Stored dataset items
^^^^^^^^

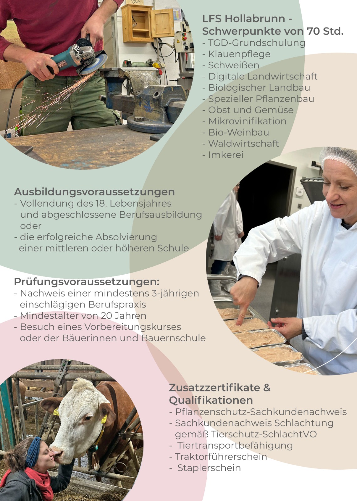 BetriebsführerInnen oder zukünftige ÜbernehmerInnen, die bisher keine Möglichkeit einer landwirtschaftlichen bzw. weinbaulichen – kellerwirtschaftlichen Grundausbildung hatten und das zur Betriebsführung notwendige Wissen nachholen und mit einer Facharbeiterprüfung abschließen möchten.
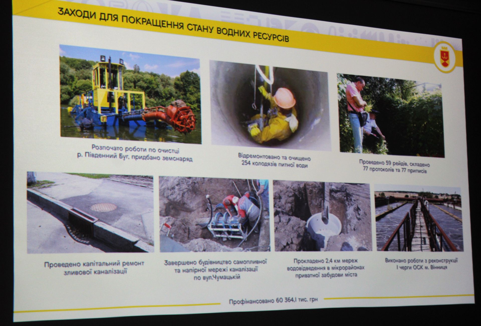 — За ці кошти розпочато роботу по очистці річки Південний Буг, виконано ремонт і очищено 254 колодязів, проведено капремонт зливової каналізації, завершено будівництво мережі каналізації на Чумацькій, прокладено 2,4 кілометра мереж каналізації в приватному секторі та виконано роботи з реконструкції очисних споруд на Сабарові, 1 черга, — сказала очільниця відділу охорони довквілля Департаменту економіки та інвестиції міськради Світлана Юзвак.
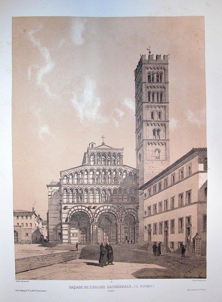 FACADE DE L'EGLISE CATHEDRALE (Il duomo). Lucca. Riproduzione tratta dall'album "La Toscane" di André Durand.
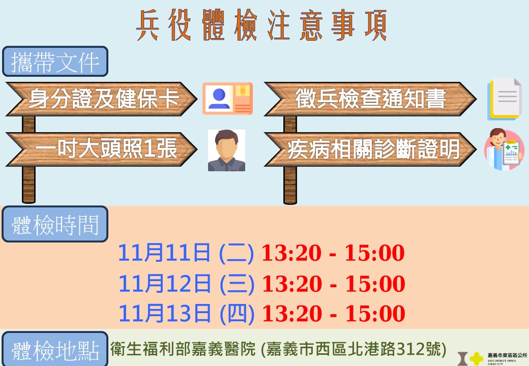 1.應攜帶證件:役男徵兵檢查通知書正本、身分證及1吋大頭照1張(請於背面書寫姓名及里別)。
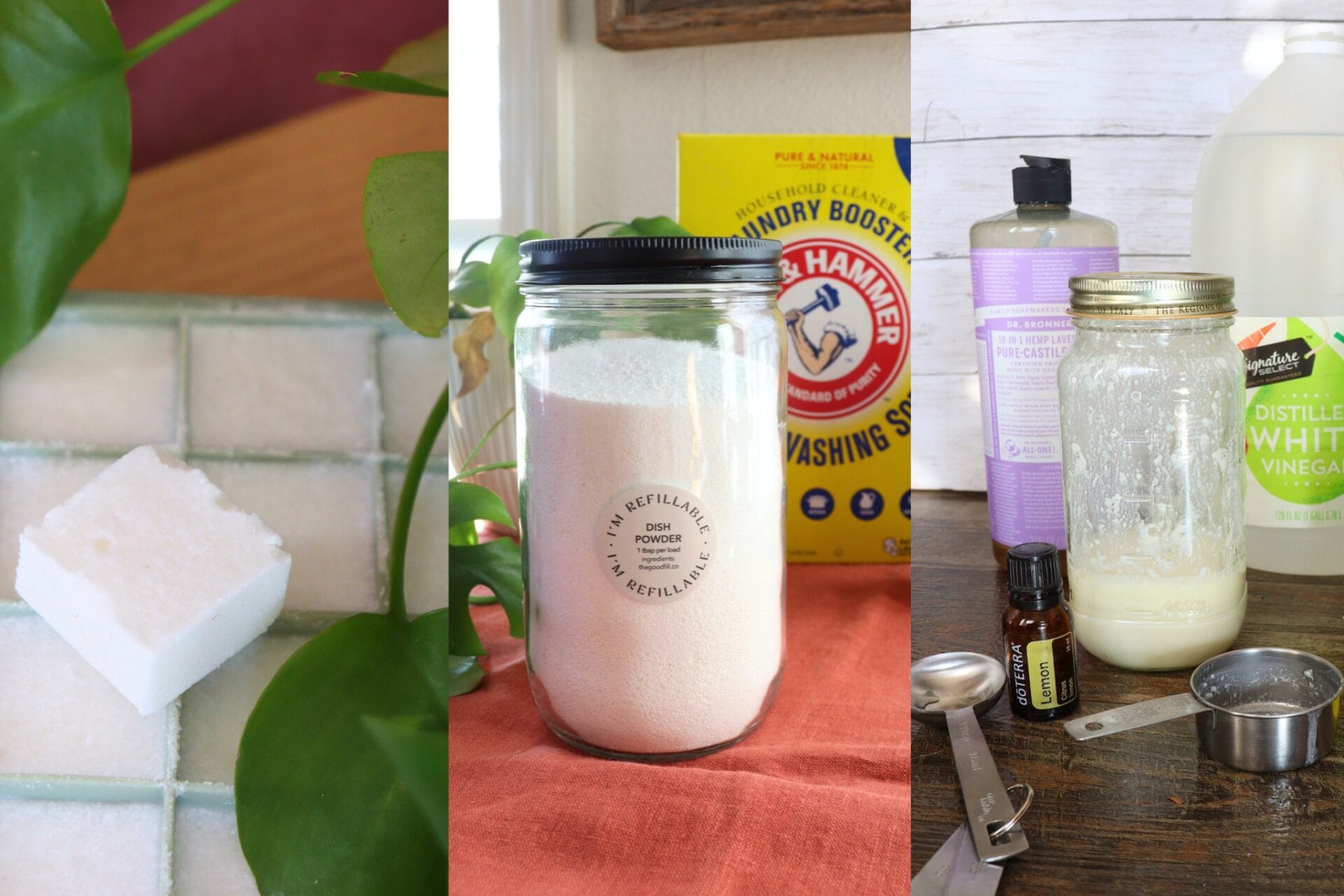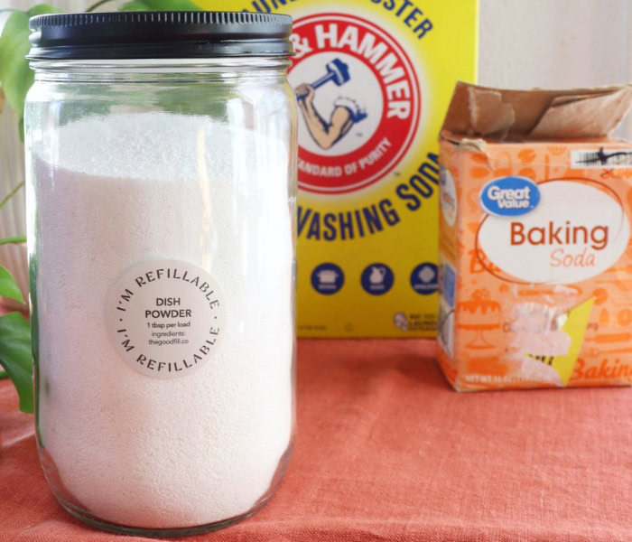 So to help you navigate the world of DIY dish detergents, we’re sharing 3 of our favorite go-to recipes we’ve been using for years. Specifically dishwashing detergent powder, liquid and pods (or tablets). These all strike a balance between performance (they’re super effective and you can tweak the ratios depending on your preference), sustainability and cost saving.
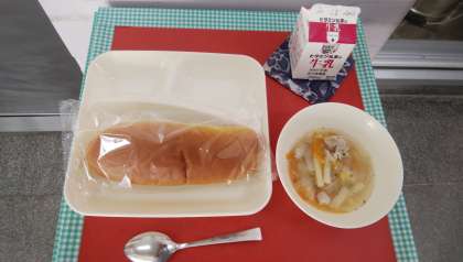 ★今日のスープには、鶏肉・玉ねぎ・にんじん・じゃがいも・コーン・パセリがはいっていました。

^^^^^^^^

Copy the data character for character, but drop all pictures from the copy.

COMPLETED TASK.
 BetriebsführerInnen oder zukünftige ÜbernehmerInnen, die bisher keine Möglichkeit einer landwirtschaftlichen bzw. weinbaulichen – kellerwirtschaftlichen Grundausbildung hatten und das zur Betriebsführung notwendige Wissen nachholen und mit einer Facharbeiterprüfung abschließen möchten.
 — За ці кошти розпочато роботу по очистці річки Південний Буг, виконано ремонт і очищено 254 колодязів, проведено капремонт зливової каналізації, завершено будівництво мережі каналізації на Чумацькій, прокладено 2,4 кілометра мереж каналізації в приватному секторі та виконано роботи з реконструкції очисних споруд на Сабарові, 1 черга, — сказала очільниця відділу охорони довквілля Департаменту економіки та інвестиції міськради Світлана Юзвак.
 FACADE DE L'EGLISE CATHEDRALE (Il duomo). Lucca. Riproduzione tratta dall'album "La Toscane" di André Durand.
 1.應攜帶證件:役男徵兵檢查通知書正本、身分證及1吋大頭照1張(請於背面書寫姓名及里別)。
 So to help you navigate the world of DIY dish detergents, we’re sharing 3 of our favorite go-to recipes we’ve been using for years. Specifically dishwashing detergent powder, liquid and pods (or tablets). These all strike a balance between performance (they’re super effective and you can tweak the ratios depending on your preference), sustainability and cost saving.
 ★今日のスープには、鶏肉・玉ねぎ・にんじん・じゃがいも・コーン・パセリがはいっていました。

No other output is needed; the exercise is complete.